Microscopic Graft Dissection
In 1994 Dr. Bobby Limmer (USA) first described the technique for isolating follicular units (FUs) using a microscope. This process enables the removal of redundant tissue. The grafts were kept as small as possible while preserving the integrity and all growth elements. Transplanting exclusively FUs produced far superior results.
Since 2000 Follicular Unit Transplant (FUT) has become the gold standard of surgical hair restoration.
Follicular Unit Extraction - FUE
In the mid-1990s, Dr Rassman (USA) set out to extract Follicular Units using a small punch. The same approach was described by Dr Inaba (Japan) in his 1996 textbook. The problem remained to be solved was the high transection rate. Rassman addressed that only 60% of all patients were good FUE candidates.
The main drawback of strip is a linear donor scar. The Trichophytic Closing Technique was introduced by Dr Marzola (Australia) and Dr Frechet (France) in 2005 to minimize the donor scar. This allows hair to grow through the scar as camouflage so that in most cases the scar is minimal if not invisible.
To speed up the extraction automatic devices were introduced. This included the Neograft, Dr Harris S.A.F.E. System, and Dr Cole C.I.T. System. All involved a motorized punch, sharp or dull.
Ultra-Refined Follicular Unit Transplant (UR-FUT)
Dr Jerry Wong of Canada pioneered dense packing and megasession, the hallmarks of Ultra-Refined FUT. From 2005 to 2010 the number of graft has increased from 3,000 (megasession) to over 5,000 (gigasession). In just one session a large area can be covered by a high density (of grafts (40-60 FUs/sq.cm).
Laser Hairline Design
Adopting the concept of Dr Shiao (Taiwan), Dr Bertram Ng (Hong Kong) invented the first hand-held laser in hairline placement. The device was later used by Physicians all over the world.
The Robotic system was first introduced in USA, when FUE harvesting was partially performed by a remotely controlled mechanical arm. Since 2012 the machine was sold to Physicians all over the world.

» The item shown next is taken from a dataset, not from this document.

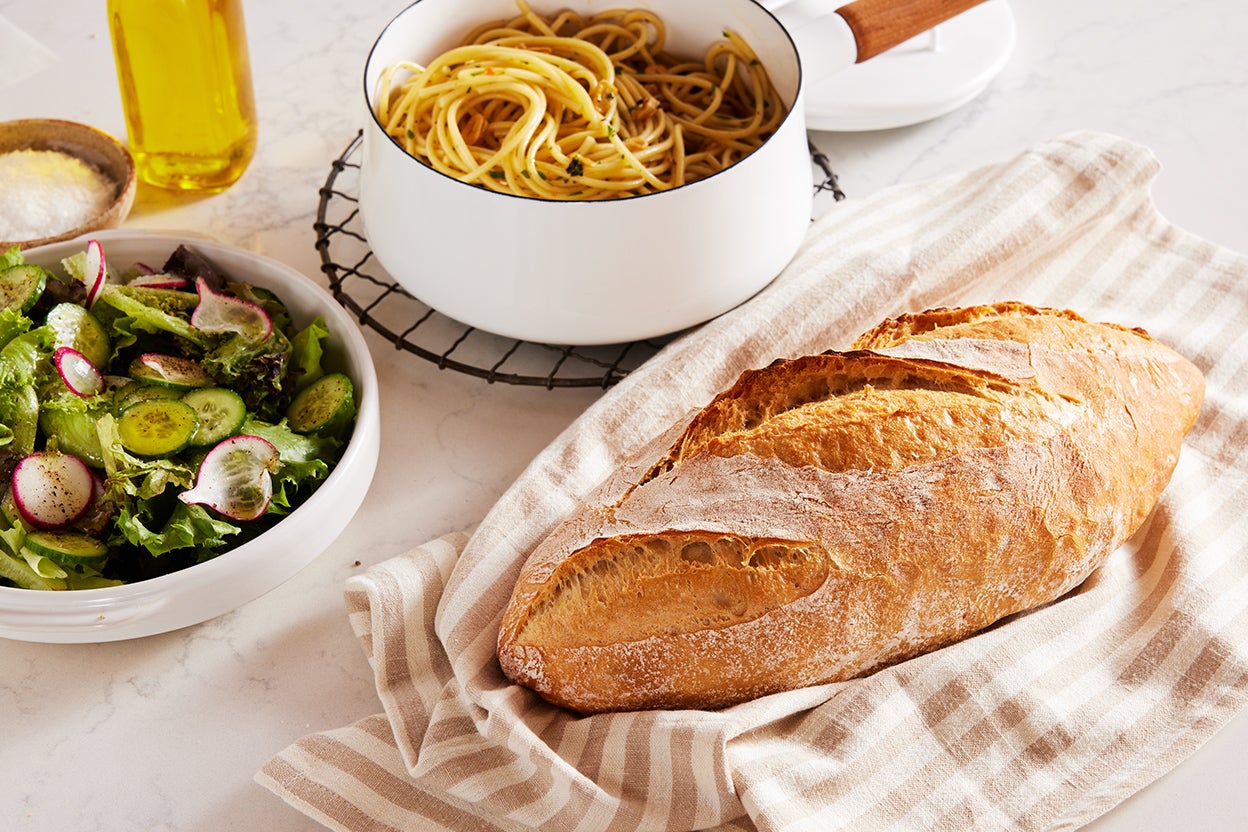 Bake the loaves for 32 to 38 minutes, until the crust is firm and medium golden brown. Let the loaves cool completely before slicing. French bread is best eaten the day it's baked. Freeze for longer storage.

This technique was developed by Dr Bertram Ng in 2013 to increase graft survival by combining different FUT techniques. FUT-X differs from the Mega- or Giga-session approach in using the minimal number of grafts to achieve the best comestic result. This technique was later replaced by Mixed Graft Transplant.
Female Hairline Extension Technique
A new approach in hairline restoration for female was first described by Dr Bertram Ng in the 2013 ISHRS Annual Scientific Meetings. He emphasized that the new hairline is simply an extension of the flows of existing hair.